Jack Featherstone, a second-year studying physics, is the recipient of the Resident Mentor of the Year award. Featherstone is the resident mentor for the Honors and Scholars Village. Resident mentors serve as an additional resource to students in living and learning villages. They act as a point of reference for new students academically and socially.
To enhance organization at Village Point, Featherstone created a Google Sheet which automatically updates a master attendance sheet for Council, RA and village events.
“The spring semester gave me the opportunity to work behind the scenes,” Featherstone said. “We worked to streamline redundancies by creating a Village Point Google spreadsheet. We integrated this into Slack and introduced it to the community. I will be presenting this work along with two to three members at NCHC (National Collegiate Honors Council) in Dallas this November.”
The first-year on-campus living requirement has also been a positive experience for Featherstone and other residents receiving these awards, and has helped shape their overall college experience.
“I lived in the Quad commons in my first year and this helped me develop a sense of community, which is why I applied for the position of resident mentor,” Featherstone said. “What I enjoyed most about this position is that I was able to develop and implement skills that are not necessarily required for a mentor job. I learned a lot.”
As an international student, Gunjal said the villages extended a warm welcome.

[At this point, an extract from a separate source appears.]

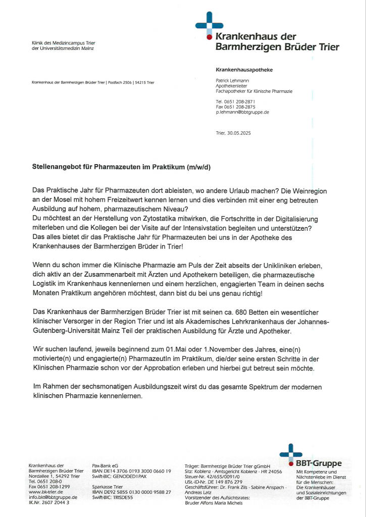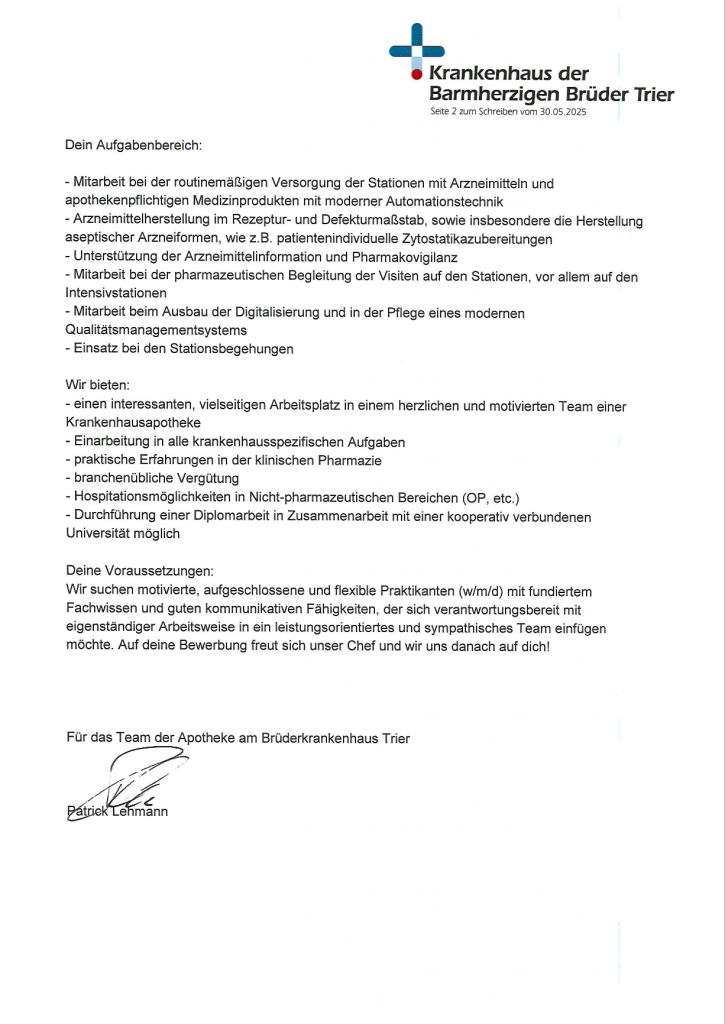 Sie haben zum Zeitpunkt des Praktikums das Studium der Pharmazie mit dem 2. Staatsexamen erfolgreich abgeschlossen.

“I could not have chosen a better place to live in, especially as an international student,” Gunjal said. “When people ask me about the experience of moving to a foreign nation, I have nothing but good things to say, thanks to the warmth of the Arts Village community.”
Featherstone also highlighted that the welcoming nature of the village can be especially helpful for freshmen entering this predominantly online semester.
“Communities and villages provide great opportunities to learn and grow, but more so now than ever, one has to be proactive to realize these opportunities,” Featherstone said. “Don't be afraid to ask for help from your peers, professors, mentors and RAs; we're all in this together.”